Microbenchmark result
=====================

I've run the micro-benchmark from this patchset as well, and the resluts
comparison:

 * Intel (11 L3 domains, 16 CPUs each): cache_shard delivers +45-55%
   throughput and 36-44% lower latency at 2-8 shards. The sweet spot is
   4 shards (+55%, p50 cut nearly in half). Shard=1 confirms no effect.

   Even though Intel already has multiple L3 domains, each 16-CPU domain
   still has enough contention to benefit from further splitting (for
   the sake of this microbenchmark/stress test)

 * ARM (single L3, 72 CPUs): The gains are dramatic — 2x at 2 shards,
   3.2x at 4 shards, and 4.4x at 8 shards. At 8 shards, cache_shard
   (3.2M items/s) nearly matches cpu scope performance (3.7M), with p50
   latency dropping from 43.5 us to 6.9 us.

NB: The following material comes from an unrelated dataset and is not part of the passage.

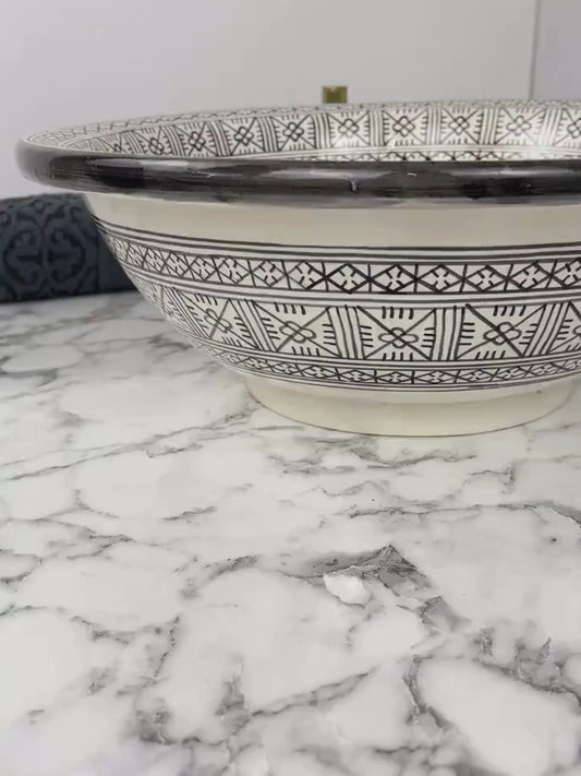 Figuig - Marokon mustavalkoinen keraaminen kylpyhuoneen pesuallas - tyylikäs, muokattavissa oleva, käsintehty ja lyijytön - (ETMMT)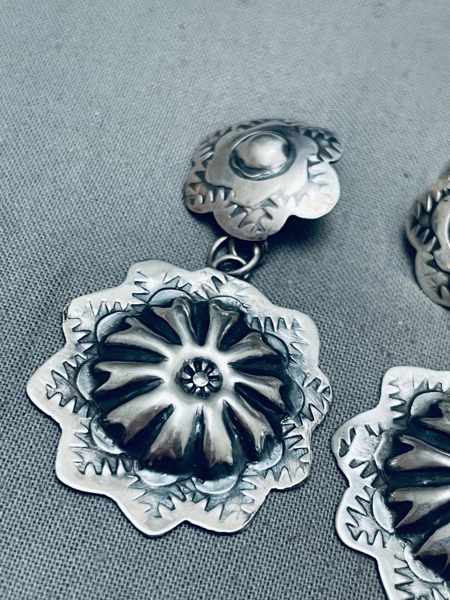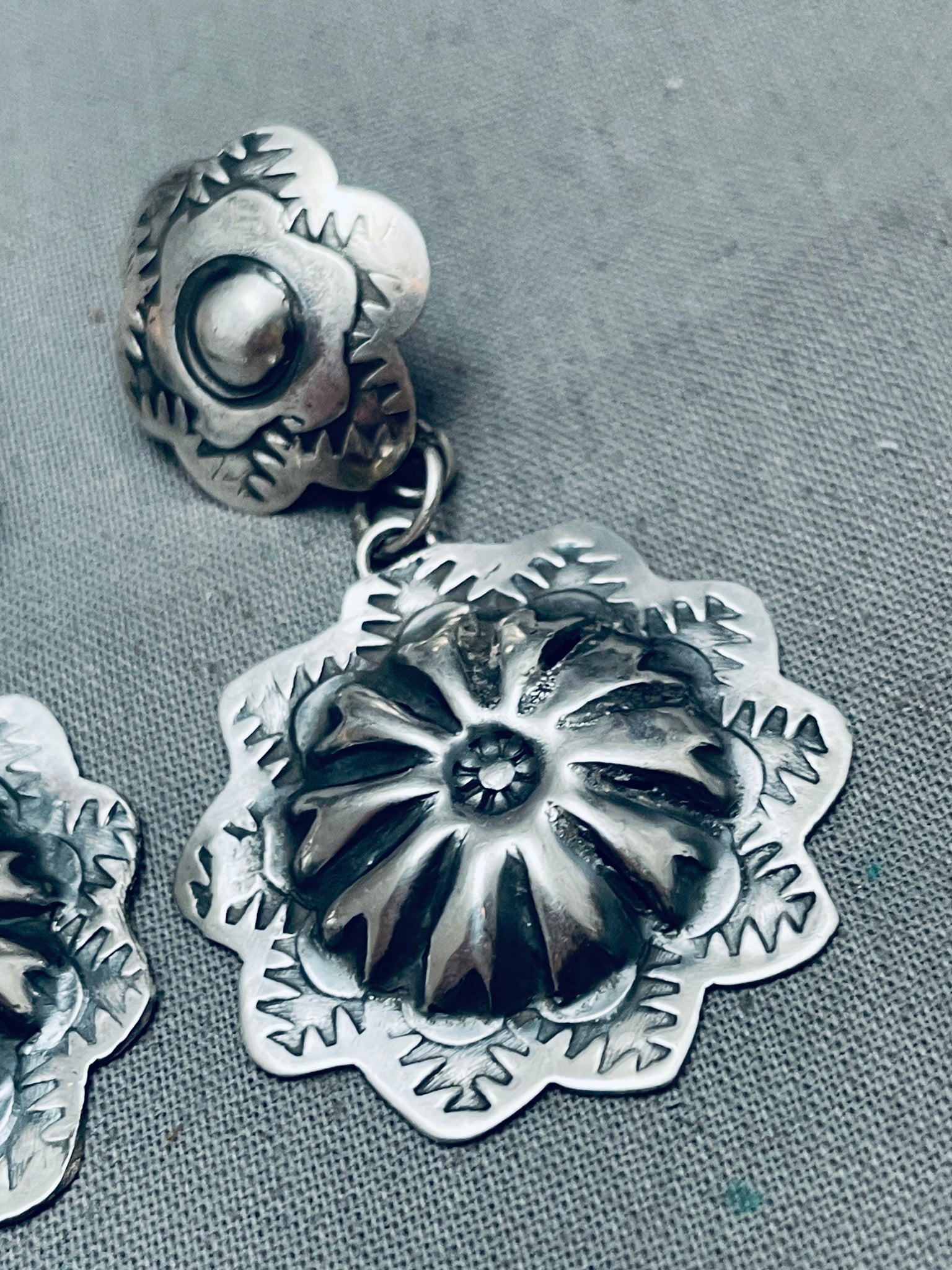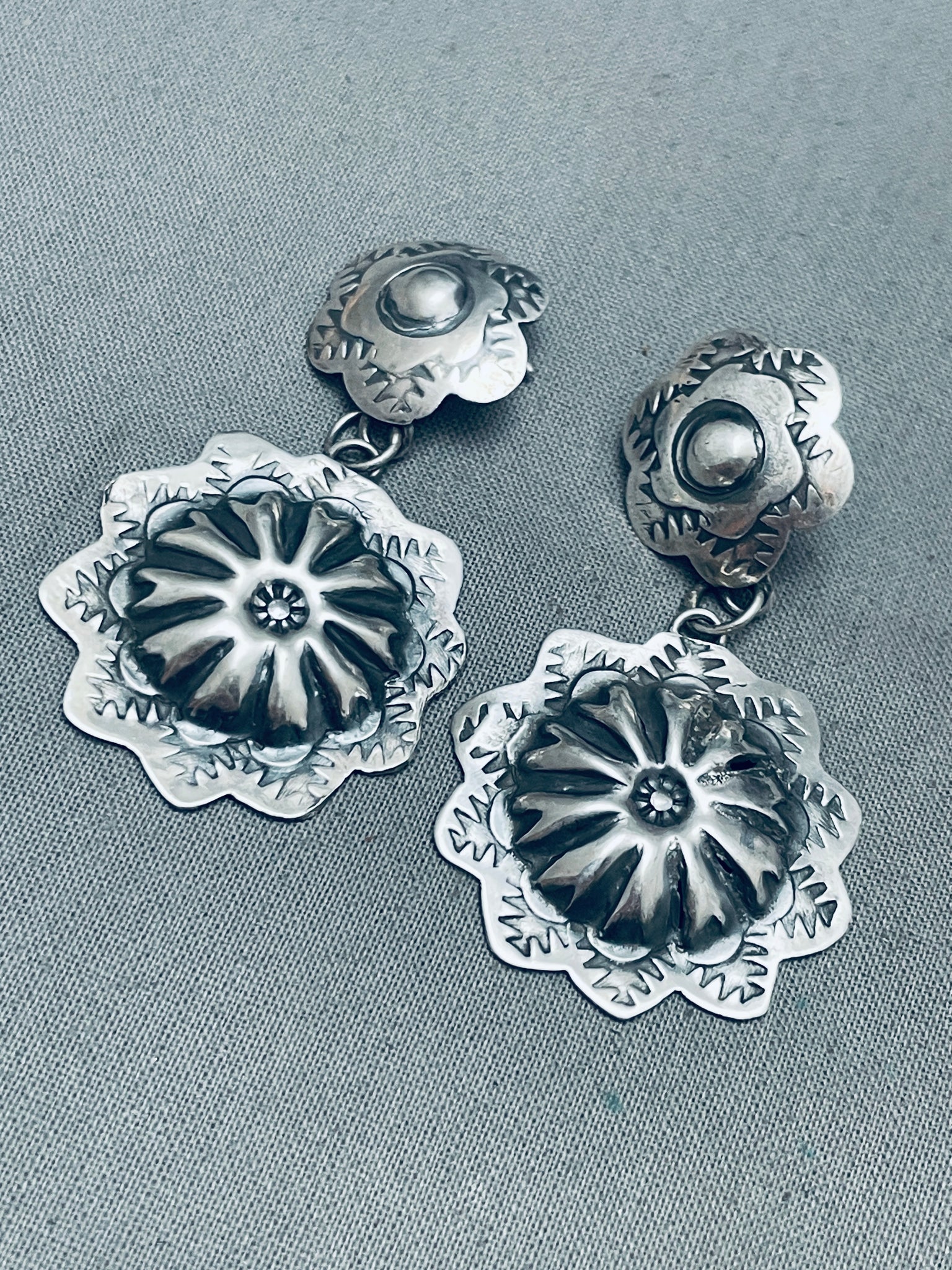 Yazzie Hand Tooled Vintage Native American Navajo Sterling Silver Earrings

   The single monolithic L3 makes cache scope degenerate to a single
   contended pool, so sharding  has a massive effect.


Intel

  ┌────────┬─────────────────┬───────────────────────┬─────────────────┬───────────┬───────────┬───────────────────┐
  │ Shards │ cache (items/s) │ cache_shard (items/s) │ Throughput gain │ cache p50 │ shard p50 │ Latency reduction │
  ├────────┼─────────────────┼───────────────────────┼─────────────────┼───────────┼───────────┼───────────────────┤
  │      1 │       2,660,103 │             2,667,740 │           +0.3% │   27.5 us │   27.5 us │                0% │
  ├────────┼─────────────────┼───────────────────────┼─────────────────┼───────────┼───────────┼───────────────────┤
  │      2 │       2,619,884 │             3,788,454 │          +44.6% │   28.0 us │   17.8 us │              -36% │
  ├────────┼─────────────────┼───────────────────────┼─────────────────┼───────────┼───────────┼───────────────────┤
  │      4 │       2,506,185 │             3,891,064 │          +55.3% │   29.3 us │   16.5 us │              -44% │
  ├────────┼─────────────────┼───────────────────────┼─────────────────┼───────────┼───────────┼───────────────────┤
  │      8 │       2,628,321 │             4,015,312 │          +52.8% │   27.9 us │   16.4 us │              -41% │
  └────────┴─────────────────┴───────────────────────┴─────────────────┴───────────┴───────────┴───────────────────┘

  Reference scopes (stable across shard counts): cpu ~6.2M items/s, smt ~4.0M, numa/system ~422K.

ARM

  ┌────────┬─────────────────┬───────────────────────┬─────────────────┬───────────┬───────────┬───────────────────┐
  │ Shards │ cache (items/s) │ cache_shard (items/s) │ Throughput gain │ cache p50 │ shard p50 │ Latency reduction │
  ├────────┼─────────────────┼───────────────────────┼─────────────────┼───────────┼───────────┼───────────────────┤
  │      2 │         725,999 │             1,516,967 │           +109% │   43.8 us │   19.6 us │              -55% │
  ├────────┼─────────────────┼───────────────────────┼─────────────────┼───────────┼───────────┼───────────────────┤
  │      4 │         729,615 │             2,347,335 │           +222% │   43.6 us │   11.0 us │              -75% │
  ├────────┼─────────────────┼───────────────────────┼─────────────────┼───────────┼───────────┼───────────────────┤
  │      8 │         731,517 │             3,230,168 │           +342% │   43.5 us │    6.9 us │              -84% │
  └────────┴─────────────────┴───────────────────────┴─────────────────┴───────────┴───────────┴───────────────────┘


Next Steps:
  * Revert the code to sharding by CPU count (instead of by shard count) and
    report it again. 
  * Any other test that would help us?